What the exercise asks ▸ Give again, exactly as written, the lines of the records below from the line with "I reached back" to the line with "The image depicts". Both end lines count; pictures do not.

Provided data ▸
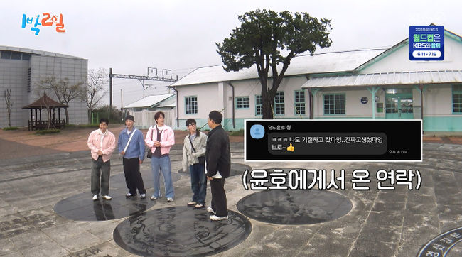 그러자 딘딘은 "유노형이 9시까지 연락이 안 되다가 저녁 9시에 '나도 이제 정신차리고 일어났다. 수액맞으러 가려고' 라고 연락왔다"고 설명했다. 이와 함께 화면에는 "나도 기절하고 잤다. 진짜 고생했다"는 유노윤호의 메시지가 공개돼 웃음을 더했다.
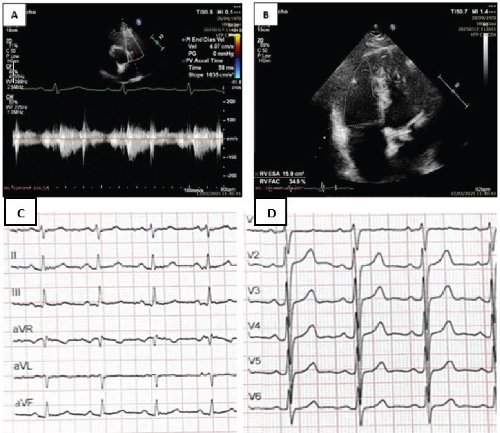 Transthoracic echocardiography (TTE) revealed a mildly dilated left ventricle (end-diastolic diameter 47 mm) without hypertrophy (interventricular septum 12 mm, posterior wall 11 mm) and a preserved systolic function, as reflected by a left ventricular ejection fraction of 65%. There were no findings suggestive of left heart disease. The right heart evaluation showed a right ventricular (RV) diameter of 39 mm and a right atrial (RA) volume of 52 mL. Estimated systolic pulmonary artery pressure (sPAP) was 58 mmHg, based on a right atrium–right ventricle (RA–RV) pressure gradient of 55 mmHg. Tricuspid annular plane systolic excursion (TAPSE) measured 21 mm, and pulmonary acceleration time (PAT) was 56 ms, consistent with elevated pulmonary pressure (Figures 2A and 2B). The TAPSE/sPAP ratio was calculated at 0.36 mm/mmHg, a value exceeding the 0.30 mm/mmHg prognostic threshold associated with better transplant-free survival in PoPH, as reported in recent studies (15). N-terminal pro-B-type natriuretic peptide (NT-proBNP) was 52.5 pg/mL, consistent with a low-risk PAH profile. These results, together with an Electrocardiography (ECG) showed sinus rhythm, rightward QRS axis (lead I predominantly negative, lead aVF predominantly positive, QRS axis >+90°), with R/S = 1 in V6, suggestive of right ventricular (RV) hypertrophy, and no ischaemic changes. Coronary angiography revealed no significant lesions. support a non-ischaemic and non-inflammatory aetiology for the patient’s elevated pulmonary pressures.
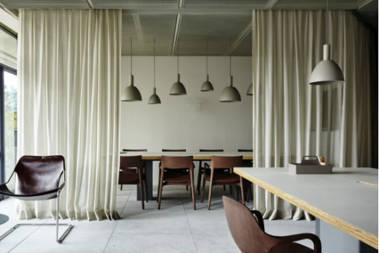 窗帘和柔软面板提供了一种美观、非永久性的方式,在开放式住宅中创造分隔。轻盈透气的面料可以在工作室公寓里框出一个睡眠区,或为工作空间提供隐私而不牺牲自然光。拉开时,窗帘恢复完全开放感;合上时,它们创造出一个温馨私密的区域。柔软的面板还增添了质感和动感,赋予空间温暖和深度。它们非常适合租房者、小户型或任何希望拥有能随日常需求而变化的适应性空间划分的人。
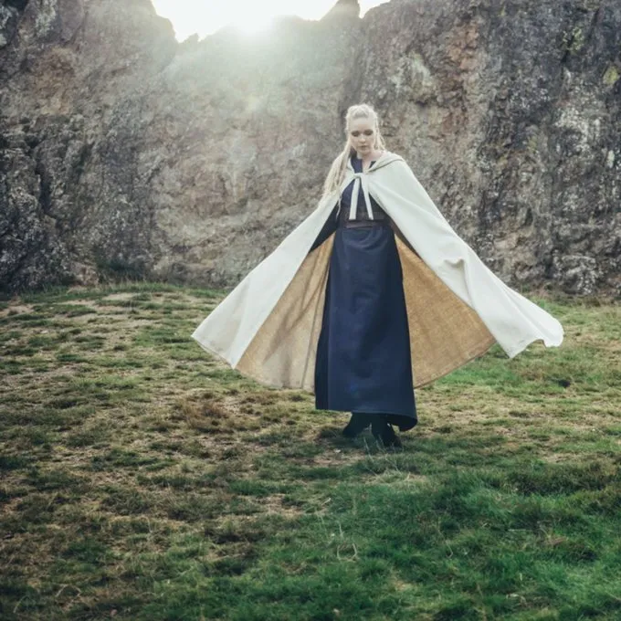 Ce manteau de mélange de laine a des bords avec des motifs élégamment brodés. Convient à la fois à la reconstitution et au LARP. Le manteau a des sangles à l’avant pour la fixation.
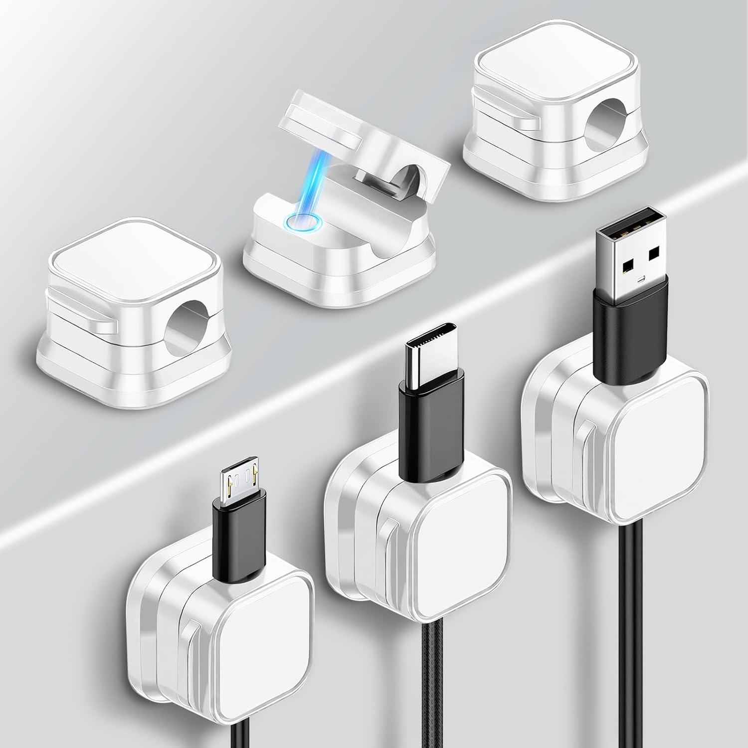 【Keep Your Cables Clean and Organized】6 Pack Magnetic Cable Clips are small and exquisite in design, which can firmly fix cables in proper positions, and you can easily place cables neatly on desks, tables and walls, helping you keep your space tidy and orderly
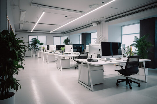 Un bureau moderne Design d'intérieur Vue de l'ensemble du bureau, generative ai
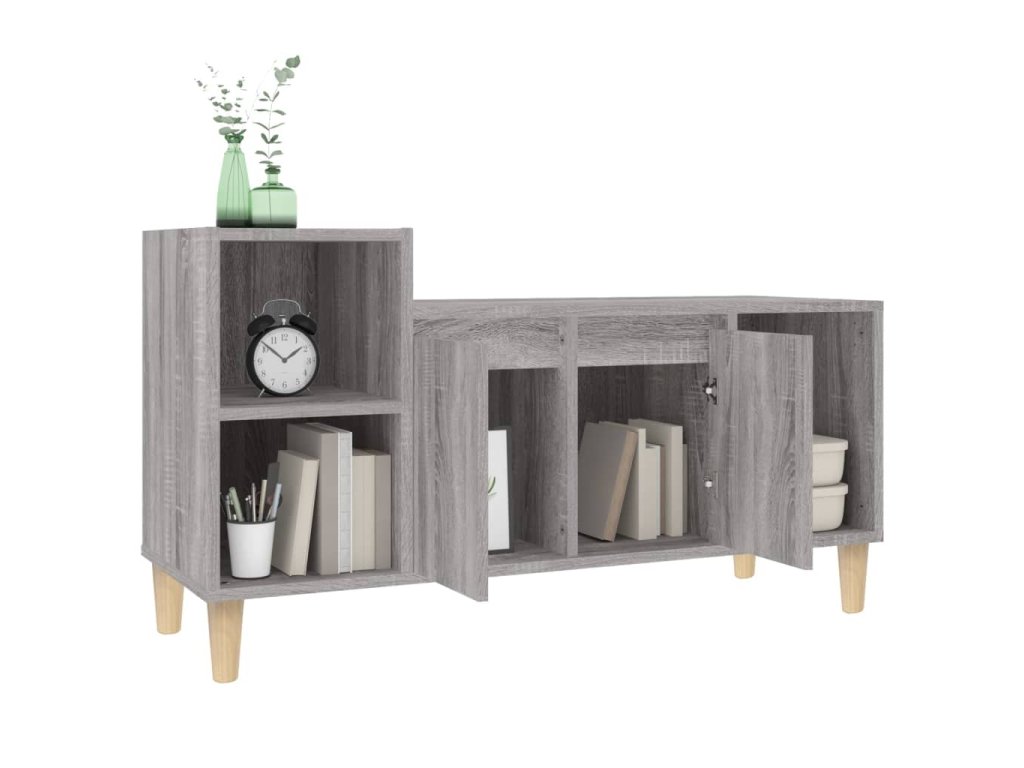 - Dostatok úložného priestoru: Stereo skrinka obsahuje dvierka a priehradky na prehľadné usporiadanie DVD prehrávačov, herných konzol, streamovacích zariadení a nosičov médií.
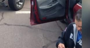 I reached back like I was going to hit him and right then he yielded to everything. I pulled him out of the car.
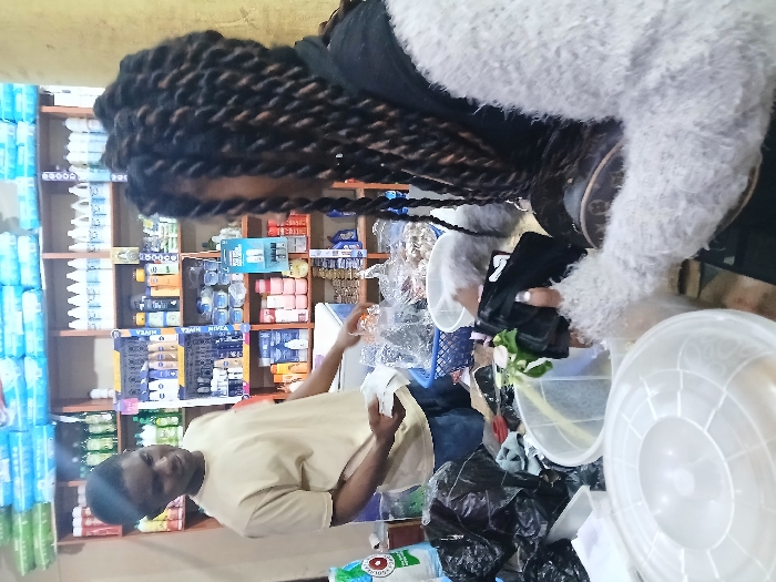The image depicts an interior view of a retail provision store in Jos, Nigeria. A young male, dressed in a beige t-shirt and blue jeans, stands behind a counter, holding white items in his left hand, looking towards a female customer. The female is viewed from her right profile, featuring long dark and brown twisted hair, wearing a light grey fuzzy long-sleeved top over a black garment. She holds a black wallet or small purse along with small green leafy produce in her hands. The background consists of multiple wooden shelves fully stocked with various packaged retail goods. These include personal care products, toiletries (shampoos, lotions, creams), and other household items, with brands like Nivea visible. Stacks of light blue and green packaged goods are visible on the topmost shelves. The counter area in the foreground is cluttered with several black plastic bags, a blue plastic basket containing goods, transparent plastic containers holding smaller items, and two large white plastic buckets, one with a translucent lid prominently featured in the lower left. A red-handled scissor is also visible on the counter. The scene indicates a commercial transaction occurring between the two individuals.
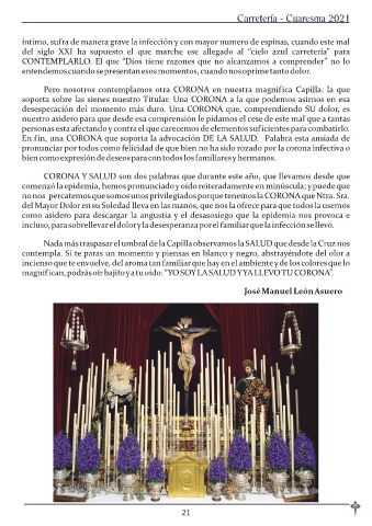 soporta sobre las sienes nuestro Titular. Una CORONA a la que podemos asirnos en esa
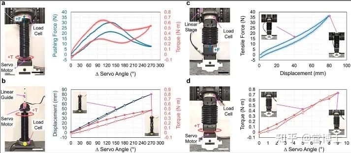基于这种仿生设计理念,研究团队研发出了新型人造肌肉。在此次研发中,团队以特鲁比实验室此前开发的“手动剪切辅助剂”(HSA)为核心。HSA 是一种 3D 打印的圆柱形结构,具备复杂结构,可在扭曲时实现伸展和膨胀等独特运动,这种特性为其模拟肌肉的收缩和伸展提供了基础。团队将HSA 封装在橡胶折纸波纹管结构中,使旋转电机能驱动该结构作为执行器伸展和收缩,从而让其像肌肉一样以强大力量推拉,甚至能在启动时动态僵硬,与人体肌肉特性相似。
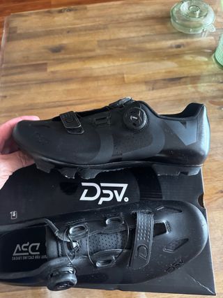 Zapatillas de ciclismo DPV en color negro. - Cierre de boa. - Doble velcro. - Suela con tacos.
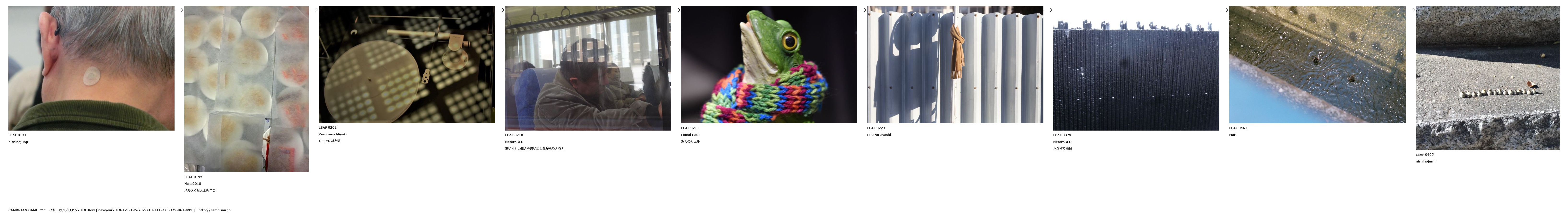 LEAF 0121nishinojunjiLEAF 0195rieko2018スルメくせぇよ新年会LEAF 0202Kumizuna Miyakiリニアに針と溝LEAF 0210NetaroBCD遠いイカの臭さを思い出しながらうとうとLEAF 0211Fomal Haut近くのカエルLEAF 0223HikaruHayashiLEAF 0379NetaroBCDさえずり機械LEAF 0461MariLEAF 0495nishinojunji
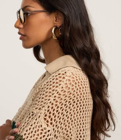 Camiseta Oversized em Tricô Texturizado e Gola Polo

The answer ▸
 I reached back like I was going to hit him and right then he yielded to everything. I pulled him out of the car.
The image depicts an interior view of a retail provision store in Jos, Nigeria. A young male, dressed in a beige t-shirt and blue jeans, stands behind a counter, holding white items in his left hand, looking towards a female customer. The female is viewed from her right profile, featuring long dark and brown twisted hair, wearing a light grey fuzzy long-sleeved top over a black garment. She holds a black wallet or small purse along with small green leafy produce in her hands. The background consists of multiple wooden shelves fully stocked with various packaged retail goods. These include personal care products, toiletries (shampoos, lotions, creams), and other household items, with brands like Nivea visible. Stacks of light blue and green packaged goods are visible on the topmost shelves. The counter area in the foreground is cluttered with several black plastic bags, a blue plastic basket containing goods, transparent plastic containers holding smaller items, and two large white plastic buckets, one with a translucent lid prominently featured in the lower left. A red-handled scissor is also visible on the counter. The scene indicates a commercial transaction occurring between the two individuals.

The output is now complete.